=== AIM OF THE TASK ===
In the entries below, begin at the line with "在位于元江县甘庄街道的元江中" and stop after the line with "Zwei Tatra Trams"; output those lines exactly and omit the pictures.

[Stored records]
▼▼▼

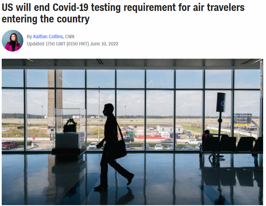 与此同时,美国也大开边境,表示将取消入境前阴性证明。
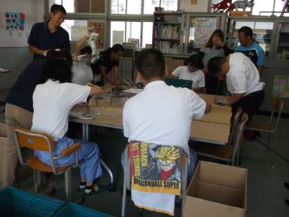 8月29日、30日の2日間、特別支援教室作業体験を行いました。スイッチや扇風機、コピー機まで部品の中に組み込まれている基盤のネジを丁寧に取り除き、銅線やその他の部品にきれいに分けました。子どもたちは、集中して作業をし、またとても楽しそうに行っていました。特定非営利活動法人ダ・カー歩の皆様、貴重な体験をさせていただき本当にありがとうございました。
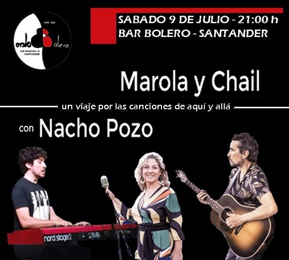 Un viaje por las canciones de aquí y de allá con Marola y Chail, acompañados por Nacho Pozo. En el Bar Bolero, el sábado 9 de julio a las 21:00 h.
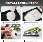 😊【RELAXING, THERAPEUTIC, MEDITATION】- This zen garden sand for desk is designed for relaxation and stress relief, enjoy sensory-soothing relaxation. Clear your mind, be present and ease stress and anxiety with calming landscaping activities. Arrange the stones, bridge, bonsai tree, and Pagoda to cultivate mindfulness, this little sandbox will give you a moment to relax and let your mind wander without leaving your desk, enjoy Zen time, offers a playground for your imagination and creativity.
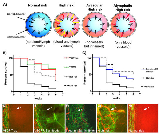 Lymphatic vessels in the recipient bed prior to transplantation determine graft survival. (A) Schematic diagram showing transplantation models normal-risk (avascular), high-risk (inflamed and hemvascularized and lymphvascularized), avascular high-risk (inflamed, avascular), and alymphatic high-risk recipient beds (inflamed and hemvascularized, but no lymphatic vessels). (B) and (C) Kaplan–Meier survival curve. To induce inflammation the suture-induced corneal neovascularization assay was performed two weeks prior transplantation and mice were treated with vascular endothelial growth factor (VEGF)-TrapR1R2 (B (red line) and D; no blood and lymphatic vessels, but reduced inflammation in the recipient bed), VEGFR-3 Ab (mF4-31C1) (B (green line) and E; only blood vessels present in the recipient bed), or integrin α5β1 inhibitor (JSM6427) (C (blue line) and F; only blood vessels present in the recipient bed). Graft survival was compared with prehemvascularized and prelymphvascularized controls (B and C (black line), G: “high-risk” recipient bed) and avascular recipient controls (B and C (dotted line), H: “low-risk” recipient bed). The graft survival was significantly better when transplants were placed into recipient beds lacking lymphatic vessels compared with beds with lymphatic vessels present. (VEGF-Trap versus high-risk: p < 0.0001; VEGFR-3 versus high-risk: p < 0.0002; n = 10; JSM6427 versus high-risk: p < 0.032, n = 23; Kaplan–Meier survival curve). (D–H) Corneal whole mounts stained for blood vessels (CD31, green) and for lymphatic vessels (LYVE-1, red) in different recipient beds. Representative images of recipient corneal beds at the time of transplantation after corneas were treated with (D) VEGF-TrapR1R2, (E) VEGFR-3 (mF4-31C1), (F) integrin α5β1 inhibitor (JSM6427), or (G) untreated high-risk and (H) normal-risk (original magnification × 100). Arrow, prevascularized cornea. (modified from [3]).
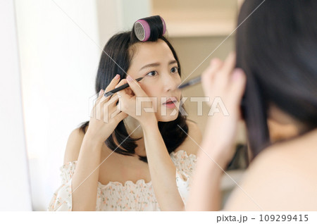 Beautiful young Asian woman applying makeup in front of the mirror. Lifestyle people concept. Advertisement for skin cream, anti-wrinkle cream, baby face
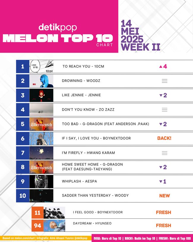 Jakarta - Update 10 lagu teratas di chart musik Korea Selatan! Setelah pekan lalu 'like JENNIE' jadi ratu chart Melon, kini posisi puncak diambil alih oleh 10CM. Selengkapnya dalam infografis di atas.
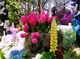 Yet, the wonders within extend far beyond. The space is adorned with soft pink-purple rhododendrons, bright pink hyacinths, golden yellow lupines, multicolored hydrangeas, and rare bluish-purple orchids. Together, these blossoms compete in beauty, weaving a lively and breathtaking spring panorama.
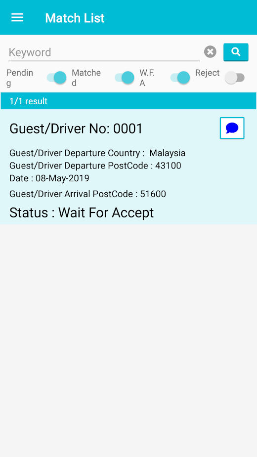 下载后选择要做车手或者跟车,车手写下你的车可以载多少人,输入你的所在的国家(只有马来西亚,新加坡,泰国)和 postcode,还有你家乡(投票的地区)的 postcode,系统就会尽快的配对一个车手或者跟车的兄弟姐妹,之后就可以用chat room确定一些细节(如果要快就直接交换电话用whatsapp/wechat)
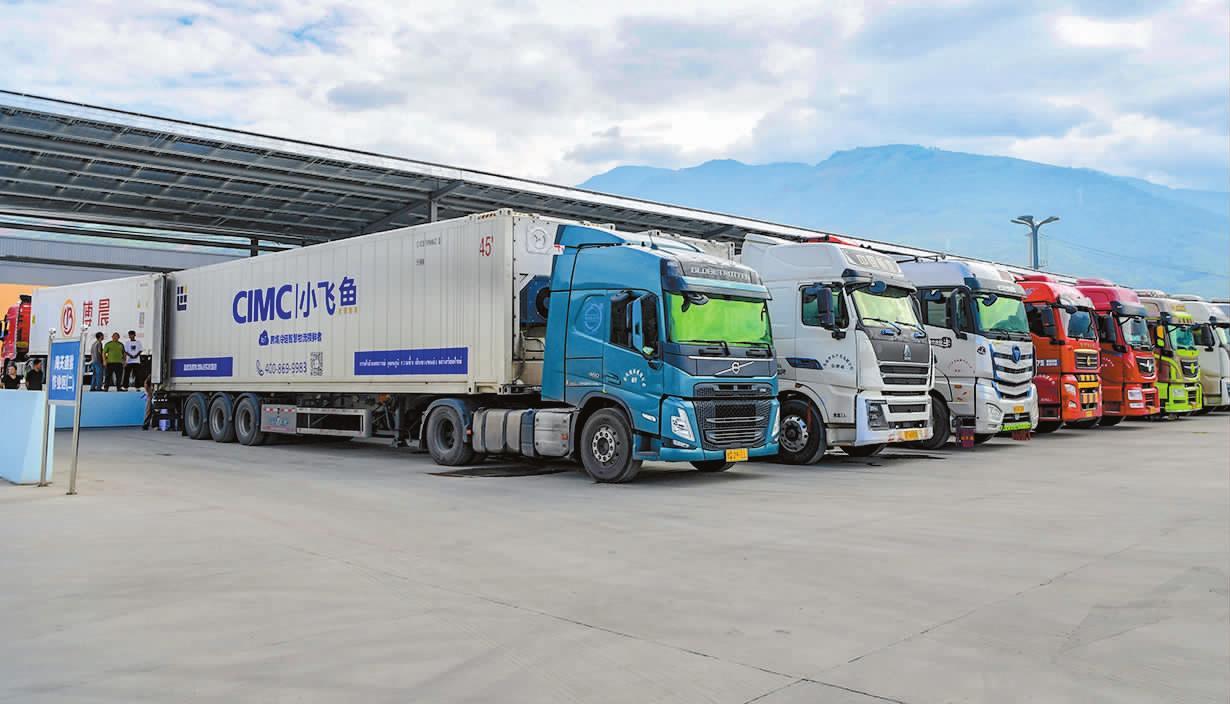 在位于元江县甘庄街道的元江中老铁路跨境物流产业园作业区内,多辆满载蔬菜水果等货物的车辆整齐停放,等待海关查验后即将前往泰国。这里正以“中老铁路+跨境公路”的多式联运枢纽姿态,成为跨境物流的“黄金通道”。
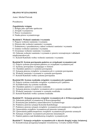 PRAWO WYZNANIOWE Autor: Michał Pietrzak Przedmowa
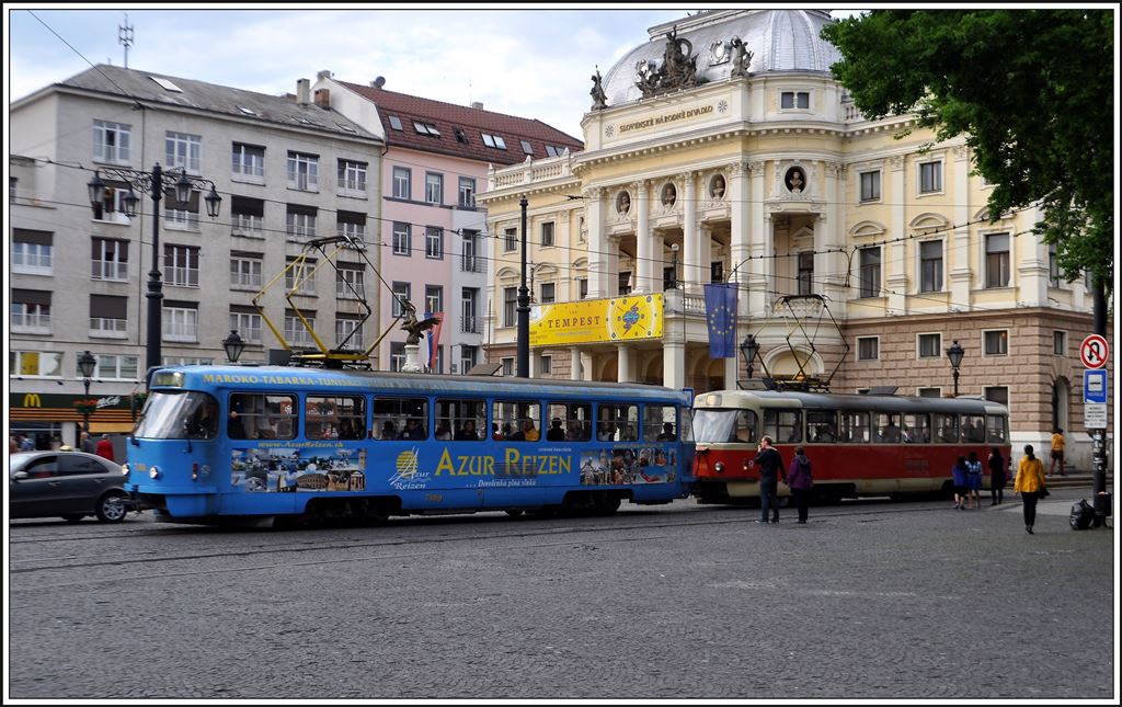 Zwei Tatra Trams vor dem slowakischen Nationaltheater in Bratislava. (31.05.2014)
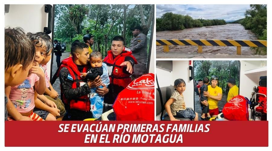 Las lluvias han provocado la crecida del Río Motagua, lo que alertó a los residentes de la zona. Minutos después, se informó que el río había alcanzado su nivel máximo, saliéndose de su cauce.

▲▲▲

=== RESULT FOR THIS EXERCISE ===
 在位于元江县甘庄街道的元江中老铁路跨境物流产业园作业区内,多辆满载蔬菜水果等货物的车辆整齐停放,等待海关查验后即将前往泰国。这里正以“中老铁路+跨境公路”的多式联运枢纽姿态,成为跨境物流的“黄金通道”。
 PRAWO WYZNANIOWE Autor: Michał Pietrzak Przedmowa
 Zwei Tatra Trams vor dem slowakischen Nationaltheater in Bratislava. (31.05.2014)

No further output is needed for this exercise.